Is it possible to watch analogue TV via the flip down TV? I have the standard set up in my Chieftan, ie Humax digi box/status etc and when in a good signal area get a good picture.


----------



## Rislar (Aug 16, 2008)

Its is possible, you just need to put a phono connection onto a connex cable to use the video input


----------



## Broom (Oct 8, 2007)

Hi Tivial

I'm going to say no as I have not been able to.

Best Regards
Broom


----------



## Sargent (Feb 1, 2008)

tviall,

Yes it is possible to watch normal TV through the front (flip down) monitor. Simply use the selector switch in your cupboard to select where the output goes to.

Best Regards

Karl Hulse
Sargent Electrical Services Ltd


----------



## Rapide561 (Oct 1, 2005)

*Flip down TV*

Karl

Does the same apply to the Swift flip down monitor? As far as I know, the Freeview receiver is in the flip down bit, and I am not sure what you are referring to in respect "of the cupboard".

Russell


----------



## Broom (Oct 8, 2007)

Hi Russell

It's an Auto Trail thing, still unable to get an analogue signal.

Best Regards
Broom


----------



## clodhopper2006 (Aug 13, 2006)

Broom said:


> Hi Russell
> 
> It's an Auto Trail thing, still unable to get an analogue signal.
> 
> ...


Nor me, there's no analogue tuner built in but if you had one then presumably you could select it via the knob and you'd be away.


----------



## andynkim (Apr 9, 2007)

Hi
There is no analogue tuner in the Humax box so unless you get a seperate analogue tuner and feed via the selector switch you can't watch analogue on the front flip down on an autotrail.
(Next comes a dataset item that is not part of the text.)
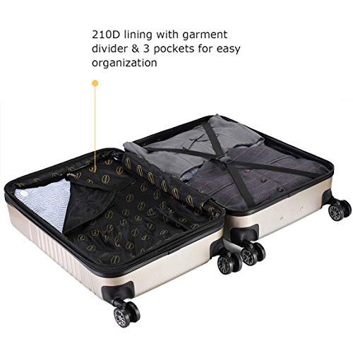 - 【TSA Locks & Multiple-pocket Lining Interior 】 TSA locks make suitcases more secure, allow only customs staff to inspect luggage without breaking locks.Lining made of 210D Nylon holds up endurable after trips. Lining interior features 1 big garment divider, 1 mesh pocket, and 2 elastic pockets for easy organization and convenience when packing.
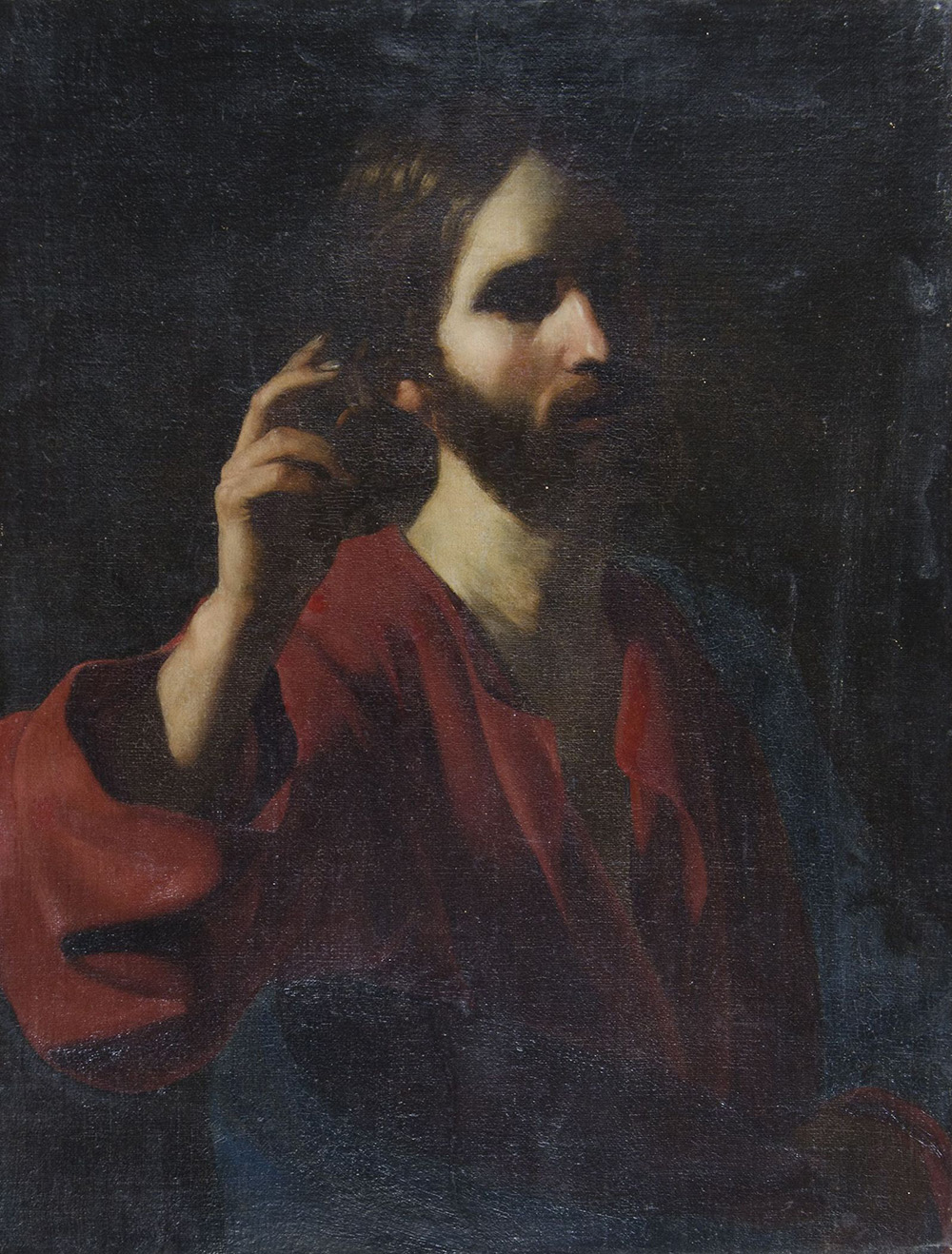 Maestro caravaggesco del XVII secolo " Cristo Benedicente " cm. 77x60 - olio su tela foderata Si ringrazia il Prof. Francesco Petrucci per aver indicato l'idea sull'attribuzione a un maestro Nordico operante nell'ambito di Bartolomeo Manfredi (1582-1622).

I have an LCD tv fitted at the 2nd TV position which on my 660 is at the foot of the bed and I can tune into analogue on this one as it has an analogue tuner.

That was a lot of analogues


----------



## Broom (Oct 8, 2007)

Hi All

I hope we are not going to prove Karl wrong he is on a high.

Best Regards
Broom


----------



## Sargent (Feb 1, 2008)

*Analogue TV*

Sorry everyone, 

It seems I was wrong. You can watch digital TV through the front monitor but not analogue as you would need an analogue tuner and some way of tuning to select a channel (there maybe something on the market for this). This applies to both Autotrail and swift vehicles.

You could also use a scart to Phono output from your rear tv to the switch box but then both would be in use at the same time, maybe defeats the object.

Not sure about the newest Autotrail models they may have a tuner built in now, as they use a new supplier.

Best Regards

Karl Hulse
Sargent Electrical Services Ltd


----------



## Broom (Oct 8, 2007)

Hi Karl

You were on such a roll :wink: stick with us your allowed a couple.

Best regards
Broom


----------



## clodhopper2006 (Aug 13, 2006)

Well it'll all be academic soon with the analogue switch off program


----------